People apply for property tax abatement for various reasons, including the owner's death or severe hardship. While the specifics of the abatement process will vary from municipality to municipality, the general application procedure is the same. Upon review by the tax assessor or city council, the tax bill stays the same, is reduced or eliminated altogether.
Contact your local tax assessor or town hall to determine the procedure for the abatement application. Certain municipalities require that abatements be filed at a specific time of year. Prepare your case and apply during that window.
Fill out an abatement application. Depending on how large the town is, the abatement form may be available online or you may have to go to the town or city hall to get it in person. Information that will be required may include items such as your name, property address, the amount owed, any additional charges or penalties, and the reason you are applying for the abatement.
Submit the application for abatement to the proper board or council.
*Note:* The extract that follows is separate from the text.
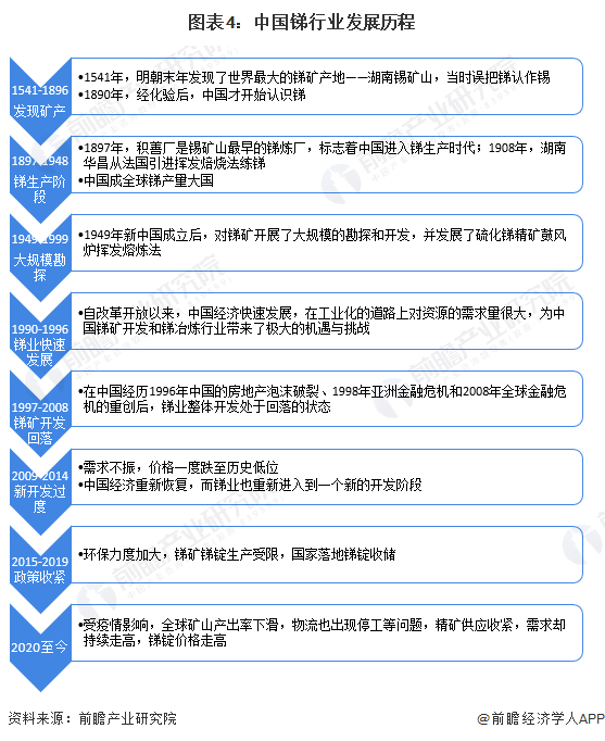 中国锑行业发展较早,1541年,中国明朝已发现世界最大的锑矿产地,至1897年,中国开始生产锑并迅速成为全球锑产量大国;1949-1996年,中国经济快速发展,对锑矿展开大规模的勘探开发,且工业化道路上的中国对锑需求量增大。1997-2014年,中国经济经过一系列的击打,对锑业也产生了一定的负面影响,需求不振。2015-2019年,中国环保意识加强,国家迈入可持续发展的道路,环保政策力度加大并落地锑矿收储。自2020年疫情爆发以来,矿采和物流存在一定的问题,供不应求,导致锑锭价格一路走高。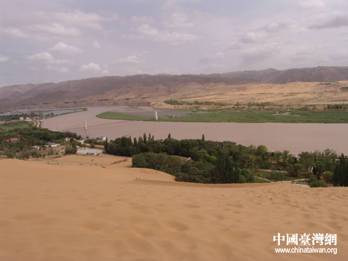 7月10日,在寧夏參加“海峽兩岸記者聯(lián)合采訪活動”的兩岸記者一行參觀游覽沙坡頭旅游區(qū)治沙工程。圖為記者乘羊皮筏在黃河漂流。

Again, this will vary by municipality. If you have evidence to support a hardship qualification, include that with the application as well.
Follow up on your application. Certain municipalities will allow you to speak on your behalf at the city or town meeting where the decision is being made. While usually not required, it may help to explain your circumstances in person. If you have any additional documentation that you did not previously submit, you may also ask to add it as an addendum to your abatement request.
Receive the decision from the board on your abatement application. If you disagree with the ruling, you can file for the appeal process. However, this process will vary by municipality.